As I calmly slam on anchors, right in the middle of the traffic circle, to avoid the silver Mercedes that didn’t bother to give me right of way, I begin to understand the concept of road-rage. I am able to do this from a point of detached reality, as I had made up my mind some time back, not to let traffic and bad driving, get to me anymore.
The question that always comes to mind first for me, is this: Was the ‘bad’ driver ignorant of what they did, or are they just being arrogant and deliberate? The former I can more easily excuse, than the latter. But before I even begin with this, I need to state that the bad driving phenomenon is NOT restricted to our ‘beloved’ taxis. I’d say they only contribute to about half of my near death experiences on the road.
Now let’s consider the first scenario. Let’s say for the sake of this experiment that the drivers who jump red lights, change lanes or turn without indicating, and stop in the middle of nowhere, don’t realize that this is wrong.

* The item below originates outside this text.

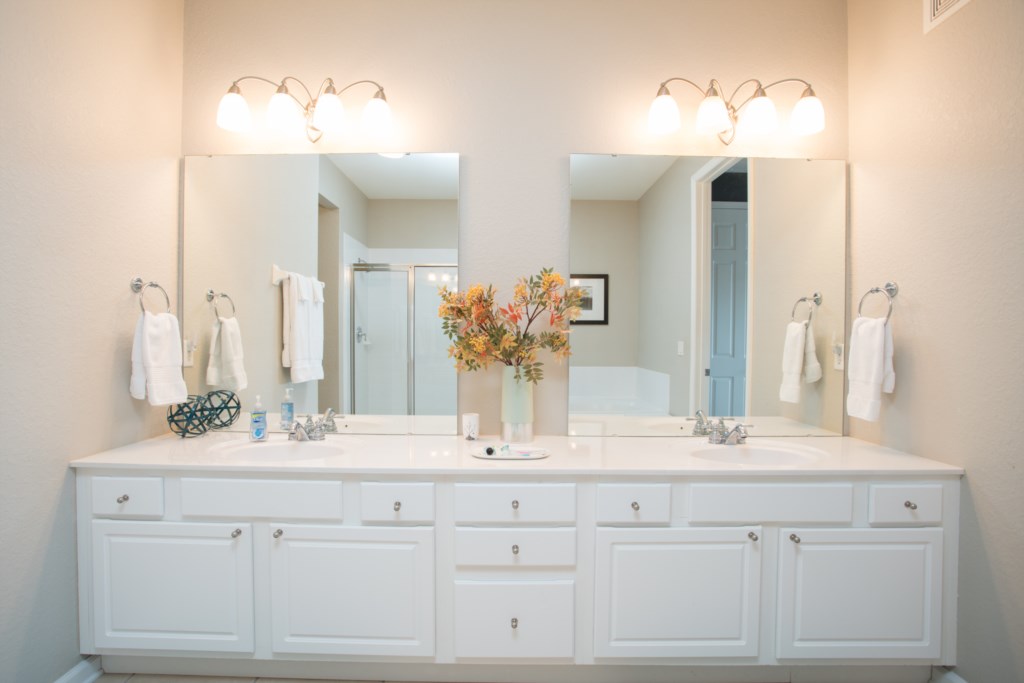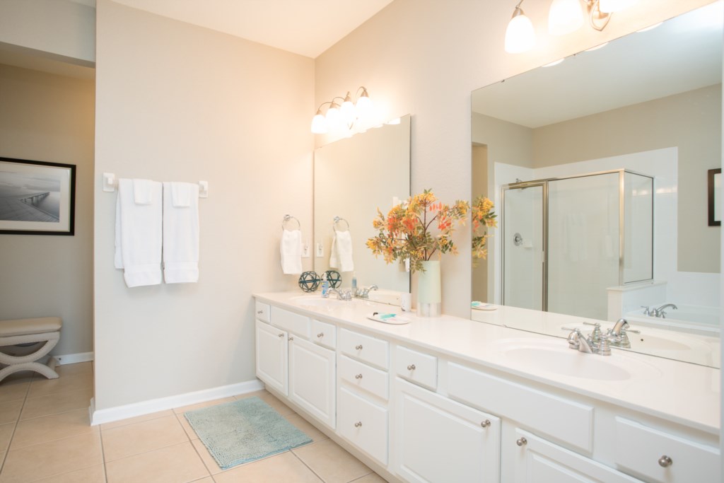 Bed & Bath The master suite features a king size bed with top quality linens and flat screen TV. A spacious en suite bathroom includes his n hers double basins, oversized soaking tub, large walk in shower and privacy WC.

Obviously the driver can see all the other road users, so it must boil down to diminished intellect that would motivate that driver carry on as they see fit, without adhering to the rules of the road. Even a marginally intelligent person who ‘acquired’ his or her license by nefarious means, can see the dangers in bad driving. It’s logical. If you don’t end up in an accident, you will most definitely boil the blood of other road users and possibly spark a road rage incident.

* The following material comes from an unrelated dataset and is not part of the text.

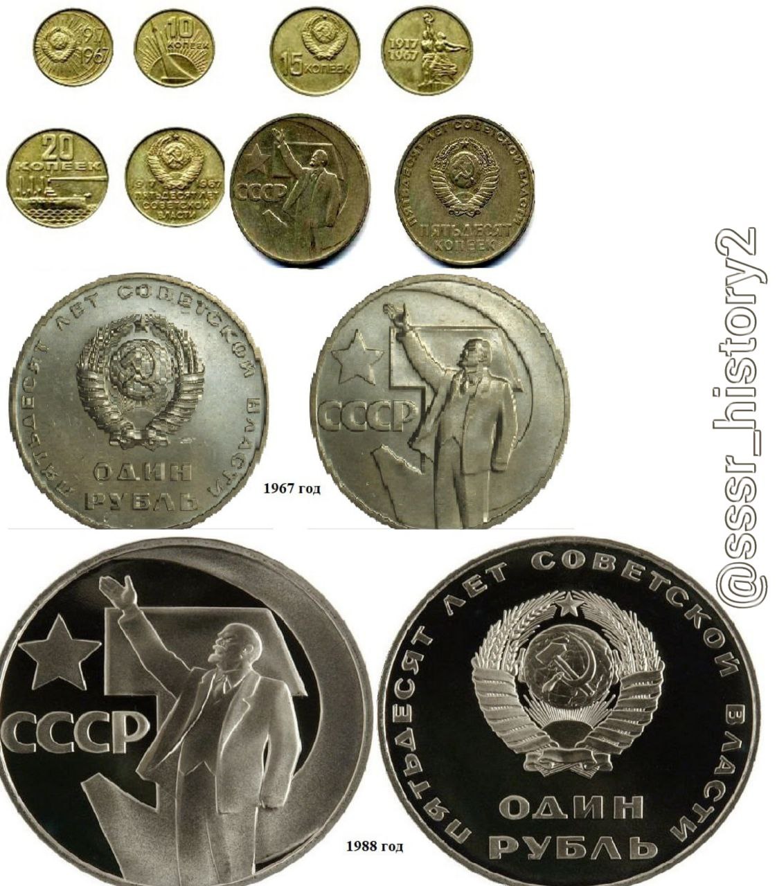 55 лет назад в 1967 году к юбилею Советской власти большими тиражами были выпущены памятные (с оригинальным дизайном) монеты достоинством от 10 копеек др 1 рубля.

The conclusion I have to come to when considering bad drivers who don’t know they are driving badly, is that they are in some way mentally challenged, and thus should not even be allowed behind the wheel to start with.
Far more concerning, however, is the second scenario. The drivers know what they are doing is wrong and dangerous, and yet still choose to do it. They are simply being arrogant and inconsiderate road users.
I do battle to comprehend the kind of person who can quite easily flick a finger to turn on an indicator, or can glance at the rearview mirror to check if the lanes are clear, and yet chooses not to do so. Does the onus fall on the vehicle about to be sideswiped to swerve out of the way? I don’t think so.
The arrogance of that driver will again become apparent when they get into a huff at being confronted by the offended other driver, and taken to task about their actions. Some may blame the angry driver for not letting it go and causing a road rage incident, but I blame the bad driver for instigating it in the first place. There could be no chance of an incident ever occurring, if they just drove properly.
What also scares me, when it comes to this second category of bad drivers, is that it is not age specific. The arrogant driver ranges from the teenager, full of the brashness of youth, who is rallying against the establishment and all its laws, to the elderly businessman who feels that with all he has achieved in life, he is somehow entitled to certain liberties on the road.
These arrogant drivers have to realize something quite important. If they feel justified to act the way they do, then so do others. Where does it end? Quite possibly in a situation where someone dear to one of those arrogant drivers becomes a victim of yet another arrogant driver. That driver would only have been doing what the arrogant driver condoned by his very own actions.
As for the mentally challenged drivers? Well, hopefully a few readers might see this and think it’s time to hang up the keys for good. Alternatively just pray the Traffic Officers spot them and haul them off the road before they become a statistic.